The number of CD34+ve cells was also evaluated in the peritoneal ascites of three patients on the peak day of mobilization. Results demonstrated similar or even higher values of CD34+ve cells in the abdominal liquid compared to CD34+ve cells in the peripheral blood.
In order to further characterize BMC mobilization, the amount of circulating CFU-GM was evaluated during G-CSF treatment by means of an in vitro clonogenic assay. A significant increase in CFU-GM was recorded on day 4 of the treatment (774 CFU-GM/ml, range 68–4592) compared to basal pre-treatment values (35 CFU-GM/ml, range 5–528) (p < 0.001). Again, each G-CSF course led to a subsequent increase in CFU-GM, with a slight but not significant reduction in CFU-GM peak values at the fourth mobilization course.
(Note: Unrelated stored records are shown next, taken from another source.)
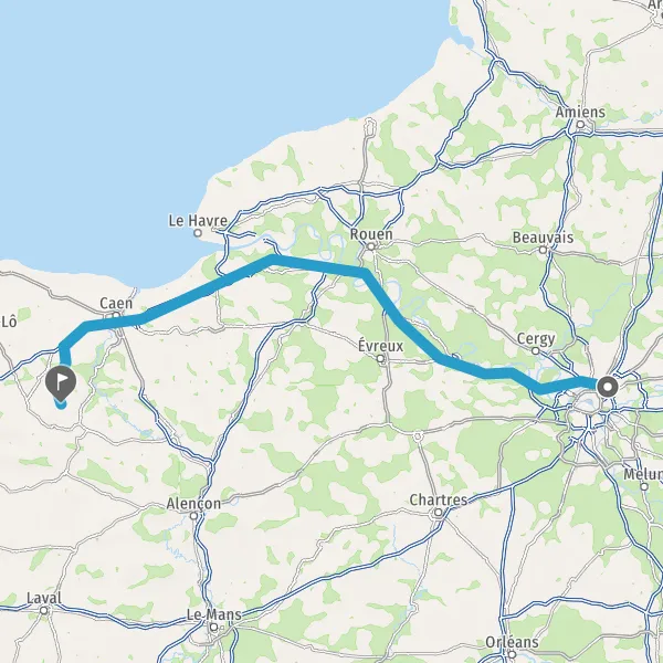 Prendre à droite et rejoindre A84 E401. Continuer sur 21 kilomètres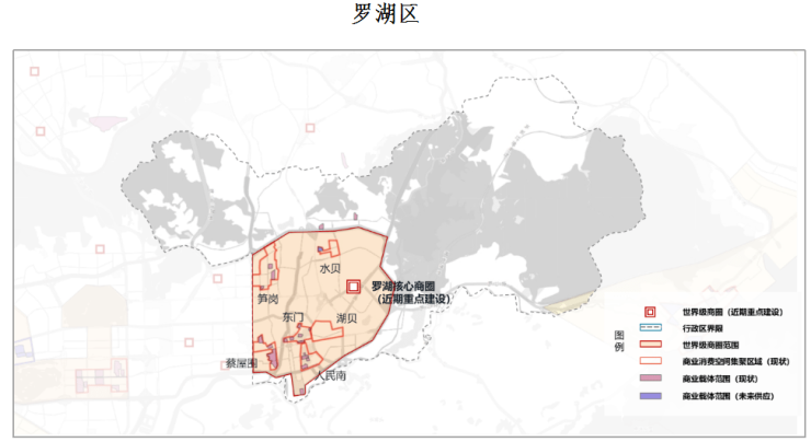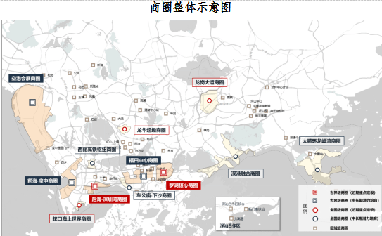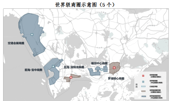 规划显示,打造5个世界级地标商圈(规划打造2个近期重点建设型商圈,包括罗湖核心商圈、后海-深圳湾商圈;3个中长期潜力培育型商圈,包括福田中心商圈、空港会展商圈、前海·宝中商圈)。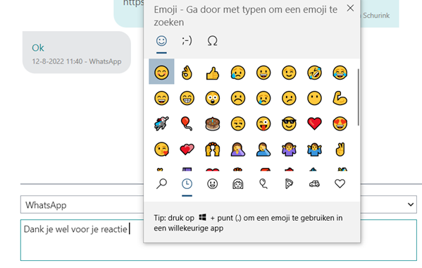 Emoji's toevoegen aan een bericht kan via de sneltoetscombinatie Windows-logotoets+punt (.)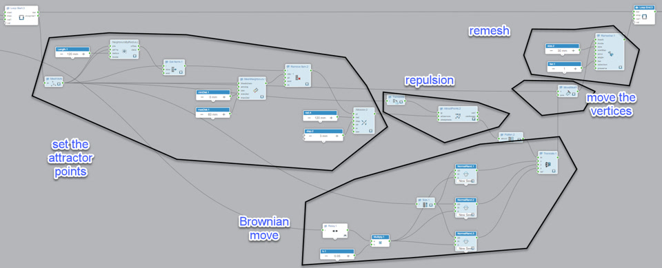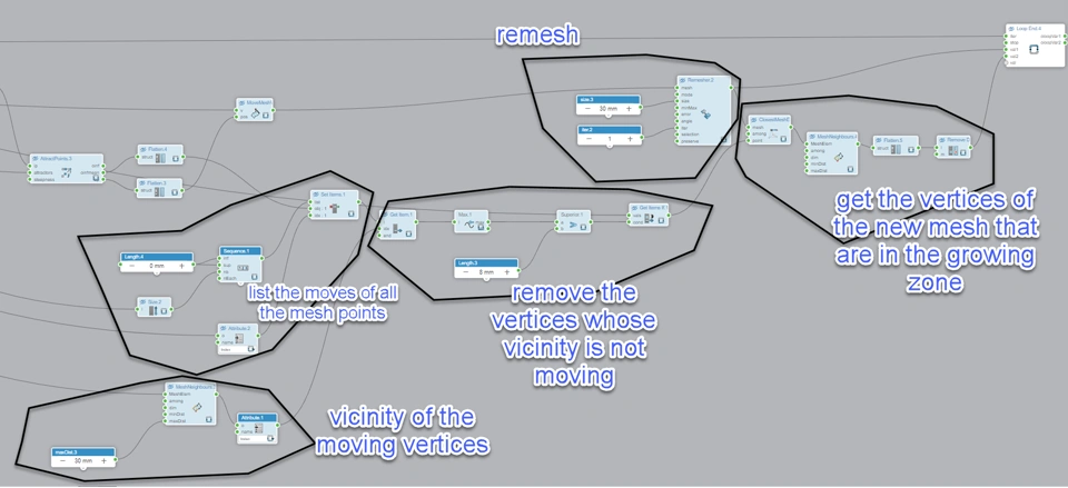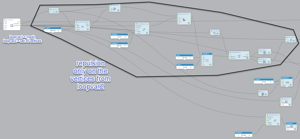 here you can see the repulsion is only on the loopvar2 vertices. they are the "growing zone" of the mesh. the rest of vertices will not move.

Immunophenotypic characterization of circulating CD34+ve cells
The expression of early stem cell and epithelial markers by circulating CD34+ve cells is reported in Table 2. Immunophenotypic characterization was carried out prior to treatment and daily thereafter during G-CSF administration. All evaluated markers were expressed by circulating CD34+ve cells at basal conditions. No relevant differences in the percentage of CD34+ve cells coexpressing CD90 and CD117 markers were detected following G-CSF stimulation, while a significant increase in CD133/CD34+ve cells (p = 0.0015) and a significant reduction in CD184+ve and hepatocyte growth-factor receptor (c-Met) +ve/CD34+ve cells (p < 0.0001) were observed.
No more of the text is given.